Farmers in distress as cyclone Amphan heads to Odisha

While only 50 per cent of the crops is harvested in Balasore, half of the blocks in Puri are yet to start cutting as their crops are not ripe.
An Odisha farmer carrying a basket of tomato from his farmland on outskirts of Bhubaneswar. (File Photo | Biswanath Swain, EPS)
An Odisha farmer carrying a basket of tomato from his farmland on outskirts of Bhubaneswar. (File Photo | Biswanath Swain, EPS)

BHUBANESWAR: With acute shortage of labourers and machines posing a major obstacle to the harvest of rabi paddy, farmers of the State are in the lurch without any institutional support to protect their crops from the wrath of cyclone Amphan.While neighbouring West Bengal is trying to deal with the manpower shortage by deploying additional combined harvesters, the State Government is yet to initiate any move to bring trained manpower from outside to run harvesting machines.

With the IMD predicting that 12 coastal districts of the State will experience heavy rains under impact of the cyclone, there is hardly any time left for farmers to reap their harvest.What is galling is that the Agriculture department is yet to issue advisory to the farmers for action to be taken to protect their crops. Taking this opportunity, the combined harvester owners have started exploiting farmers.

“The harvester owners are charging `3,600 per hour against normal price of `2,000-`2,200 per hour. We are left with no choice but to pay whatever they demand because of the impending cyclone,” said Basant Barik of Balasore district.

“Apart from the lockdown, we have suffered huge crop loss due to untimely rains, hailstorm and heavy winds in April. I lost hybrid paddy in three acres of land due to hailstorm,” said Samarendra Singh of Gop block in Puri district.Singh is rushing against time to harvest paddy from 10 acre of land which he cultivated as a tenant farmer. 

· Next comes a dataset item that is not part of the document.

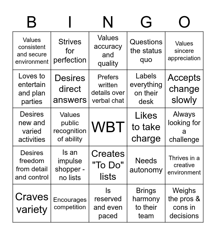 This bingo card has a free space and 24 words: Is an impulse shopper - no lists, Encourages competition, Prefers written details over verbal chat, Craves variety, Values sincere appreciation, Values consistent and secure environment, Loves to entertain and plan parties, Strives for perfection, Likes to take charge, Creates "To Do" lists, Labels everything on their desk, Desires new and varied activities, Needs autonomy, Thrives in a creative environment, Desires direct answers, Brings harmony to their team, Always looking for a challenge, Values accuracy and quality, Accepts change slowly, Values public recognition of ability, Weighs the pros & cons in decisions, Desires freedom from detail and control, Questions the status quo and Is reserved and even paced.

While only 50 per cent of the crops is harvested in Balasore, half of the blocks in Puri are yet to start cutting as their crops are not ripe.Farmers of Balasore mostly depend on labourers from neighbouring Mayurbhanj district while workers from Nayagarh and Kandhamal meet the labour requirement of Puri farmers both in kharif and rabi seasons, Singh said. In the absence of transportation, labourers are unable to move out of their districts, he added.

During a meeting on the State’s preparedness to counter the cyclone on Saturday, Chief Secretary Asit Tripathy informed Union Cabinet Secretary Rajiv Gauba that standing crops particularly, ripe summer paddy, pulses, oil seeds, cashew, mango, coconut and vegetables in lakhs of hectares are likely to be damaged in the heavy rainfall and wind.